Logging in and out of the operating room is only allowed between operations. The operating nurse must ensure that the nurse working in the operating room does not violate sterility. Tazes and trays should be served, without touching the fingers of their inner surface. Cover the beads open for two eyelets, approaching the bix from the rear, and thus not obstruct the approach to the bix operating nurse.
Most often, the operating nurse has to be poured into a sterile glass, a mug that is on the instrument table or in the hands of the operating sister. Before pouring any solution into sterile dishes, the operating nurse shows the operating sister a label, pasted on the dishes, which contain the necessary medicines. In order not to disturb the aseptic when pouring solutions from the bottle, the nurse must take a number of measures to ensure the preservation of sterility:
• cut the thread that strengthens the paraffin paper that closes the vial;
• Without removing this paper, take the bottle in the right hand, and the stopper - through the paper with two fingers of the left hand;
• Sipping at the stopper, uncork the bottle;Keep the cork so that it does not touch the inside of it with non-sterile fingers;
• tilt the vial, drain some solution through its edge, thus washing the neck of the vial. Then through the same place, merge the contents of the vial into a sterile glass on the operating-nurse's desk. Under the supervision of the operating sister, pour the solution at a distance, without touching the instrument table and especially its sterile glass;
• pour the right amount of solution, give the bottle an upright position, and with his left hand again clog it, without touching the inner surface of the plug with fingers.

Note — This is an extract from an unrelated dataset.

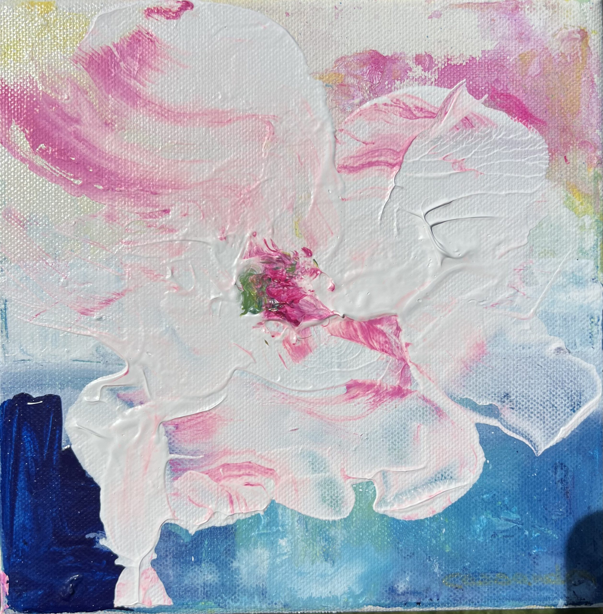 Each work is 8×8 inches and 1.5 inches deep, (20 x 20 cm, 4 cm deep) triple primed on 100% cotton, ready to hang.

Sometimes, during the operation, the nurse, at the request of the operating sister, searches for the necessary tool in the tool cabinet, sterilizes it and delivers it to the operating room. The operating sister must check the correctness of her actions.
Dirty linen, material and tools are cleaned by the nurse with special large forceps, while putting on rubber gloves. To do this, it is better to use non-surgical, and dense prozector rubber gloves, which are stored in a solution of antiseptic in a separate container with a lid.
It is strictly forbidden to store items that are not used during the operation in the operating room.